**Raw data:**
-.-.-

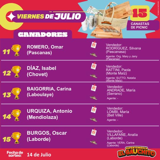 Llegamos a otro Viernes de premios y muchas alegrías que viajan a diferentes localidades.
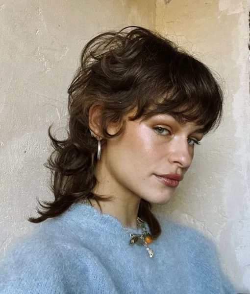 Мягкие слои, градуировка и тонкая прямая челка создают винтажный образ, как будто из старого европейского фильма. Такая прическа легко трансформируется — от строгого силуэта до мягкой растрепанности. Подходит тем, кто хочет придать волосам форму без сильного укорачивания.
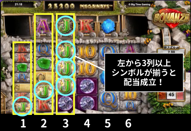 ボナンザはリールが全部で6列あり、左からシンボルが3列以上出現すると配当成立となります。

-.-.-

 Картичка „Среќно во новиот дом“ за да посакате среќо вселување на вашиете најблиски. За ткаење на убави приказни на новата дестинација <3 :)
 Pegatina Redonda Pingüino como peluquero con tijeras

-.-.-

**Task:**
Above is a listing; print exactly its lines from the one with "Картичка „Среќно во" through the one with "Pegatina Redonda Pingüino", and no other lines.

**The completed task:**
 Картичка „Среќно во новиот дом“ за да посакате среќо вселување на вашиете најблиски. За ткаење на убави приказни на новата дестинација <3 :)
 Pegatina Redonda Pingüino como peluquero con tijeras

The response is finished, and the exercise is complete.